Hector Santos:
> From: "Wietse Venema"
> 
> > Apologies. Let me phrase this better.
> >
> > None of these loopholes would exist if signatures could vouch only
> > for rfc822.from domains that match the signature's d= domain (*).
> > Third party signatures are part of the problem. Making them "work
> > right" requires additional complexity.  Complexity leads to error,
> > vulnerability and exploitation.
> 
> Wietse, you won't find me arguing this point! :-) That's been my position
> for the past 18+ months (*).
> 
> Now we just need convince everyone else who is bent on allowing open ended
> 3rd party signatures (2822.From != signing domain).  If we allow them, then
> we just can't ignore the exploitation. We need would some "kind" of control.

Thanks for the opportunity to explain my point more clearly.

By themselves, nothing is wrong with third-party (i.e.  2822.From
domain != d= domain) signatures.  The problem is the mistaken belief
that signatures make statements about 2822.From addresses.  This
leads to complexities such as "what domain can sign my mail".  Your
"control" is a solution for a problem that doesn't need not exist.

Even in the case of a first-party signature (2822.From matches d=
domain), the 2822.From is not of primary importance.
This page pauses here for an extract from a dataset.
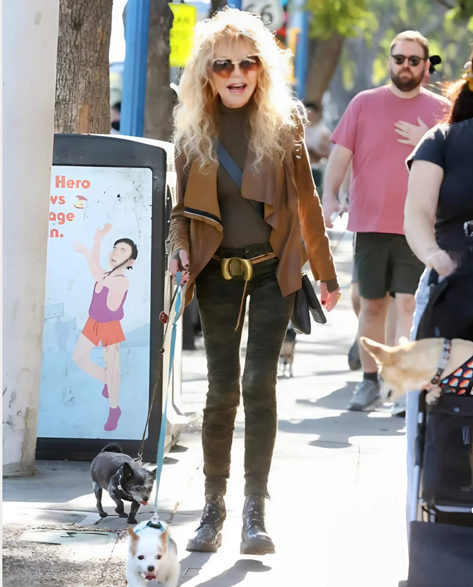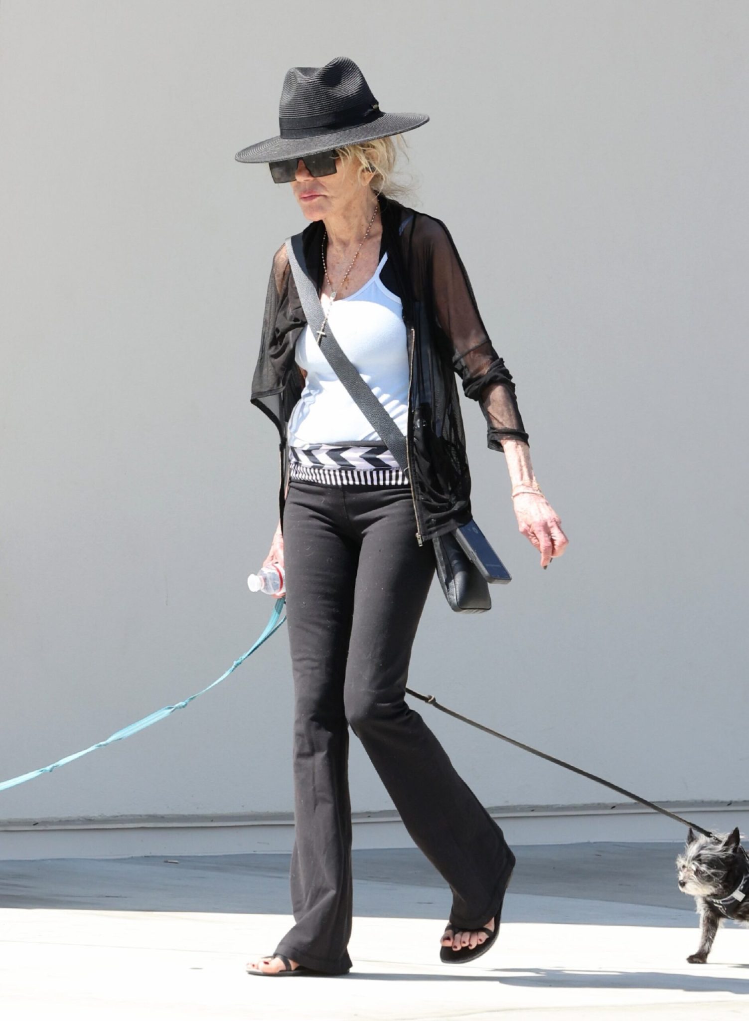 The 88-year-old actress and filmmaker was photographed in Los Angeles on July 13 while walking her dogs. She kept a relaxed look, wearing a white summer blouse, black flared leggings, a black fedora, and simple sandals.
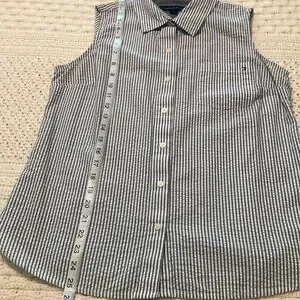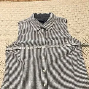 Tommy Hilfiger Blue and White Sleeveless Button Down Shirt

It is the
signing domain that comes first; the signature is the basis of any
rating that one might assign to an email message.

I favor first-party signatures mainly because they avoid reputation
cross-talk: when an ISP uses the same shared signing domain for
multiple author domains, bad actors can negatively affect the email
reputation of innocent author domains. With first-party signatures
the damage would be more confined to the bad actor's author domains.

Both first-party and shared-party signature approaches present
scalability challenges.  With first-party signatures, there is a
technical problem of deciding what signing domain and key to use.
With shared-party signatures, there is a non-technical problem of
preventing bad actors from messing up everyone elses reputation.
As a technical person, I prefer to tackle the technical problem.